▶ _Task brief_
Retype each record below word for word, pictures excluded.

▶ _Available data_
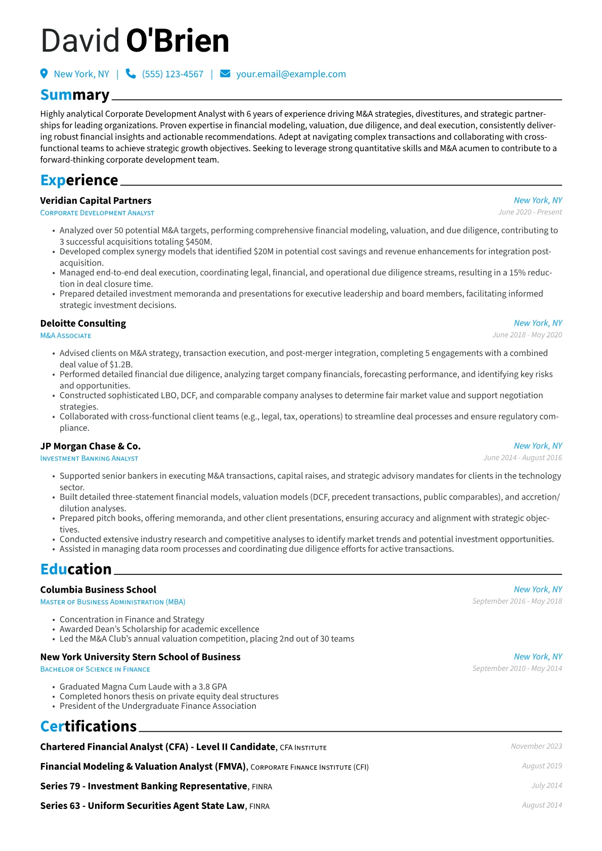 This example CV excels at presenting the core competencies vital for the position. Achievements are consistently quantified, highlighting impact such as "identified 15% operational synergies" or "reduced integration timelines by three months." Skills are logically grouped into categories like "Strategic Analysis," "Operational Due Diligence," and "Financial Modeling," making a candidate's expertise immediately clear. The resume also effectively showcases specific tools and certifications relevant to a Corporate Development Analyst, embedding these technical proficiencies directly within the experience section to reinforce their practical application.
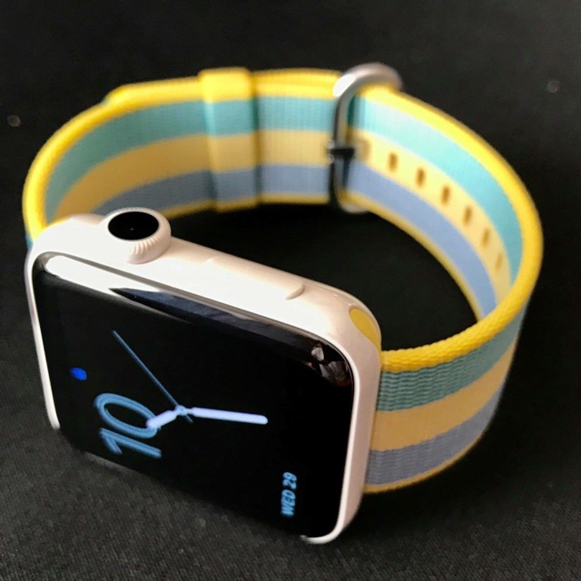 Dây Nylon Woven dành cho 𝗔𝗽𝗽𝗹𝗲𝗪𝗮𝘁𝗰𝗵 seri 1/2/3/4/5• Chất liệu cao cấp, màu Xanh bơ phối sọc vàng cá tính , nổi bật
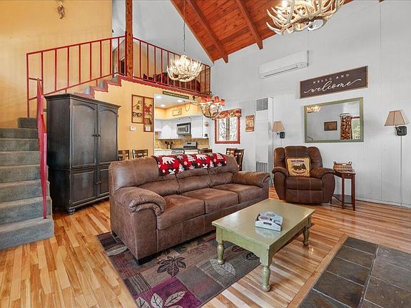 Another price reduction for all buyers out there! Seller is super motivated and willing to negotiate! Great Big Bear feel to this Sugarloaf cabin! Just steps from the national forest and sitting on a spacious double lot with room for RV parking, it's a great place to unwind and relax and get away from the craziness! There's something special about sitting on a lovely deck~listening to the wind go through the pines and the birds chirping~enjoying the sights & sounds of nature! This upgraded cabin offers that & MORE! Boasting 2 bdrms (1 a loft) w/room to sleep & gather, 1- 1/2 bathrms each w/upgraded vanity, fixtures, tile floors & electric heaters to keep you toasty. The ''Great Room'' floorplan opens to updatedkitchen w/granite slab counters, tile backsplash & newer range & microwave/hood. The Amazing soaring tongue & groove wood ceiling, artful lighting, shiny wood floors, rock fireplace w/slate hearth, access to the National Forest at the top of the road AND the experience of relaxing in the outdoor spa w/the star-filled night sky above delivers MTN LIVING AT ITS BEST!! Unleash your creative side in the fantastic artist studio/workshop w/ locked storage area or make it a bunkroom for extra guests (has electrical). Upgrades include 30 yr roof, heater, ceiling fan, expansive deck, 200-amp electric panel & smart thermostat. Great for you and your family to enjoy and/or rent out for visitors to enjoy! Thanks for showing! Feedback for seller is appreciated!
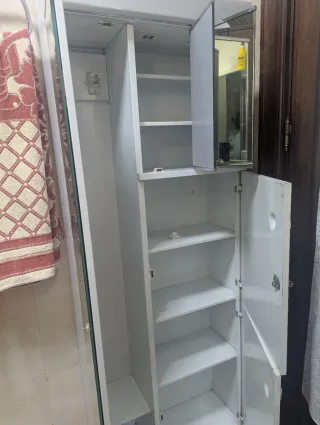 Mueble baño blanco, alto, con espejos y baldas. 1975 Mucho almacenaje 4 Puertas (Dos tiradores o pomos están rotos por el borde (se ve en fotos) Alguna balda está un poco despintada. La luz está fundida. Buem estado. Precio: 35€ RECOGER RN DOMICILIO Medidas: Alto: 1,72 cm. Ancho: 60 cm. Fondo: 24 cm.
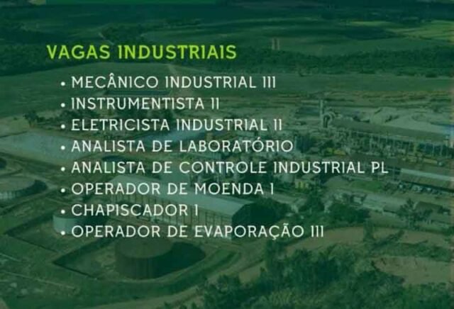 As vagas são destinadas a profissionais com experiência em áreas técnicas e operacionais, oferecendo oportunidade de crescimento em uma empresa consolidada no segmento de produção de açúcar e etanol.
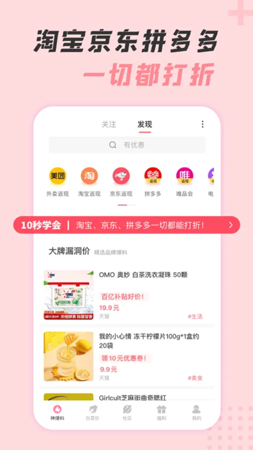 神奇口袋App,简单好用的省钱神器!淘宝、京东、拼多多、唯品会等各大平台上超过90%的商品都能帮您省钱买到!外卖还能领红包拿返现。
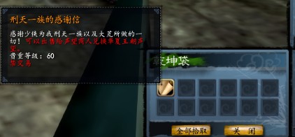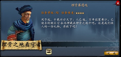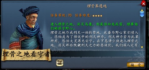 在副本门口有一个金色问号,也就是埋骨葬遗魂,此任务是需要在埋骨之地中杀掉3个BOSS,完成任务后会获得一个丹萍之礼,打开宝盒会随机获得物品,人品好的话会获得60套下摆,此次更新实测中,我们队伍中一个人品爆发了,获得了一个震旦摆····坑爹啊,而其他的朋友只获得了一封,刑天一族的感谢信!
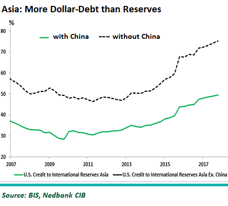“Excess liquidity usually leads to the misallocation of capital, masking any balance sheet constrains. As this tide of excess liquidity recedes, it reveals the misallocation of capital and the mispricing of risk,” Nedbank CIB strategists Neels Heyneke and Mehul Daya write in a note. And this is particularly the case for excess dollar-liquidity in the Emerging Markets (EMs).
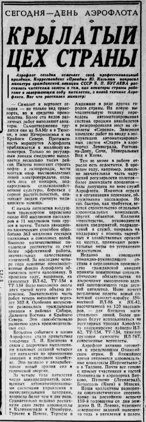 — Это подготовка самолёта и его систем к полёту. Приходилось вникать во все подробности. Так, потребовал заменить командно-топливный агрегат на гарантийном двигателе. У него 6 регулировок за полгода. Заменить исправный агрегат — это проблема с заводом. Рекламация. Добился через министерство. Дальняя связь прерывалась после отхода от точки 300 км, а надо 9 000 км. Вызвал заводских представителей, которые нашли ошибку в пайке проводов. Связался с земли во Внуково с Молодёжной и, о чудо, ответили. Нам такая связь была нужна над океаном для связи с Антарктидой и Москвой. Другая связь здесь отсутствует.
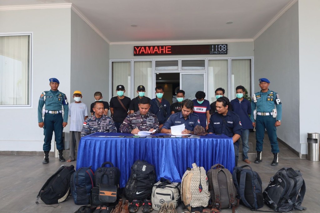 Setelah dilaksanakan pengejaran dan penyisiran Tim F1QR Lanal Dumai berhasil mengamankan sejumlah sembilan orang (laki-laki) PMI non prosedural dan barang bukti dua unit sepeda motor roda dua diduga milik pengurus PMI non prosedural, tujuh buah KTP, 10 unit HP serta tiga buah pasport. Selanjutnya dibawa ke Mako Lanal Dumai untuk dilaksanakan pendataan, pengecekan barang bawaan dan pengecekan kesehatan.
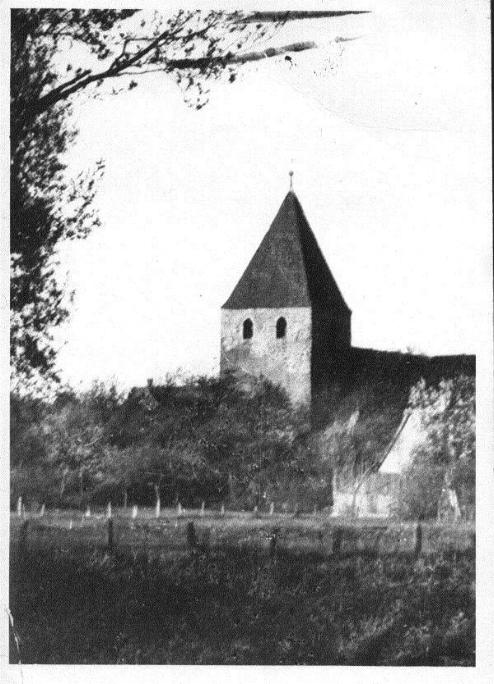Bild 3: Die alte Kirche vor 1900 noch mit der Einfassungsmauer und Haupteingang
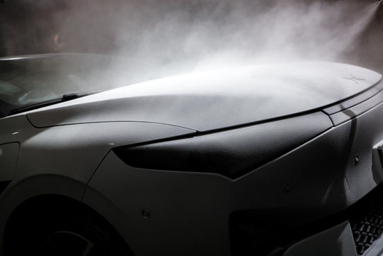 经过专业技术人员的上霜之后,小鹏P5整个车身及风挡玻璃已经结满霜花。
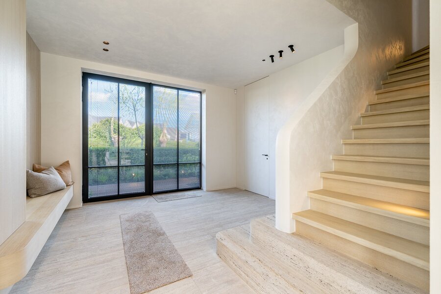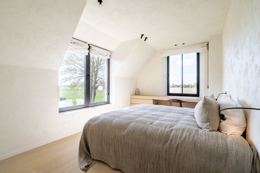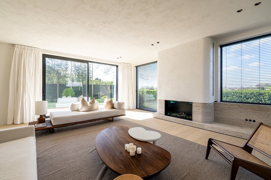 Villa neuve de prestige comprenant six chambres et offrant une vue dégagée sur les champs environnants, située au calme à proximité du Zoute et du centre de Knokke.
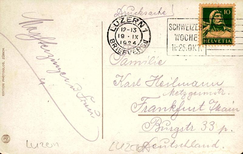 Vorschau: Luzern und die Alpen vor 1924 Vorderseite Vorschau: Luzern und die Alpen vor 1924 Rückseite

▶ _Your response_
 This example CV excels at presenting the core competencies vital for the position. Achievements are consistently quantified, highlighting impact such as "identified 15% operational synergies" or "reduced integration timelines by three months." Skills are logically grouped into categories like "Strategic Analysis," "Operational Due Diligence," and "Financial Modeling," making a candidate's expertise immediately clear. The resume also effectively showcases specific tools and certifications relevant to a Corporate Development Analyst, embedding these technical proficiencies directly within the experience section to reinforce their practical application.
 Dây Nylon Woven dành cho 𝗔𝗽𝗽𝗹𝗲𝗪𝗮𝘁𝗰𝗵 seri 1/2/3/4/5• Chất liệu cao cấp, màu Xanh bơ phối sọc vàng cá tính , nổi bật
 Another price reduction for all buyers out there! Seller is super motivated and willing to negotiate! Great Big Bear feel to this Sugarloaf cabin! Just steps from the national forest and sitting on a spacious double lot with room for RV parking, it's a great place to unwind and relax and get away from the craziness! There's something special about sitting on a lovely deck~listening to the wind go through the pines and the birds chirping~enjoying the sights & sounds of nature! This upgraded cabin offers that & MORE! Boasting 2 bdrms (1 a loft) w/room to sleep & gather, 1- 1/2 bathrms each w/upgraded vanity, fixtures, tile floors & electric heaters to keep you toasty. The ''Great Room'' floorplan opens to updatedkitchen w/granite slab counters, tile backsplash & newer range & microwave/hood. The Amazing soaring tongue & groove wood ceiling, artful lighting, shiny wood floors, rock fireplace w/slate hearth, access to the National Forest at the top of the road AND the experience of relaxing in the outdoor spa w/the star-filled night sky above delivers MTN LIVING AT ITS BEST!! Unleash your creative side in the fantastic artist studio/workshop w/ locked storage area or make it a bunkroom for extra guests (has electrical). Upgrades include 30 yr roof, heater, ceiling fan, expansive deck, 200-amp electric panel & smart thermostat. Great for you and your family to enjoy and/or rent out for visitors to enjoy! Thanks for showing! Feedback for seller is appreciated!
 Mueble baño blanco, alto, con espejos y baldas. 1975 Mucho almacenaje 4 Puertas (Dos tiradores o pomos están rotos por el borde (se ve en fotos) Alguna balda está un poco despintada. La luz está fundida. Buem estado. Precio: 35€ RECOGER RN DOMICILIO Medidas: Alto: 1,72 cm. Ancho: 60 cm. Fondo: 24 cm.
 As vagas são destinadas a profissionais com experiência em áreas técnicas e operacionais, oferecendo oportunidade de crescimento em uma empresa consolidada no segmento de produção de açúcar e etanol.
 神奇口袋App,简单好用的省钱神器!淘宝、京东、拼多多、唯品会等各大平台上超过90%的商品都能帮您省钱买到!外卖还能领红包拿返现。
 在副本门口有一个金色问号,也就是埋骨葬遗魂,此任务是需要在埋骨之地中杀掉3个BOSS,完成任务后会获得一个丹萍之礼,打开宝盒会随机获得物品,人品好的话会获得60套下摆,此次更新实测中,我们队伍中一个人品爆发了,获得了一个震旦摆····坑爹啊,而其他的朋友只获得了一封,刑天一族的感谢信!
“Excess liquidity usually leads to the misallocation of capital, masking any balance sheet constrains. As this tide of excess liquidity recedes, it reveals the misallocation of capital and the mispricing of risk,” Nedbank CIB strategists Neels Heyneke and Mehul Daya write in a note. And this is particularly the case for excess dollar-liquidity in the Emerging Markets (EMs).
 — Это подготовка самолёта и его систем к полёту. Приходилось вникать во все подробности. Так, потребовал заменить командно-топливный агрегат на гарантийном двигателе. У него 6 регулировок за полгода. Заменить исправный агрегат — это проблема с заводом. Рекламация. Добился через министерство. Дальняя связь прерывалась после отхода от точки 300 км, а надо 9 000 км. Вызвал заводских представителей, которые нашли ошибку в пайке проводов. Связался с земли во Внуково с Молодёжной и, о чудо, ответили. Нам такая связь была нужна над океаном для связи с Антарктидой и Москвой. Другая связь здесь отсутствует.
 Setelah dilaksanakan pengejaran dan penyisiran Tim F1QR Lanal Dumai berhasil mengamankan sejumlah sembilan orang (laki-laki) PMI non prosedural dan barang bukti dua unit sepeda motor roda dua diduga milik pengurus PMI non prosedural, tujuh buah KTP, 10 unit HP serta tiga buah pasport. Selanjutnya dibawa ke Mako Lanal Dumai untuk dilaksanakan pendataan, pengecekan barang bawaan dan pengecekan kesehatan.
Bild 3: Die alte Kirche vor 1900 noch mit der Einfassungsmauer und Haupteingang
 经过专业技术人员的上霜之后,小鹏P5整个车身及风挡玻璃已经结满霜花。
 Villa neuve de prestige comprenant six chambres et offrant une vue dégagée sur les champs environnants, située au calme à proximité du Zoute et du centre de Knokke.
 Vorschau: Luzern und die Alpen vor 1924 Vorderseite Vorschau: Luzern und die Alpen vor 1924 Rückseite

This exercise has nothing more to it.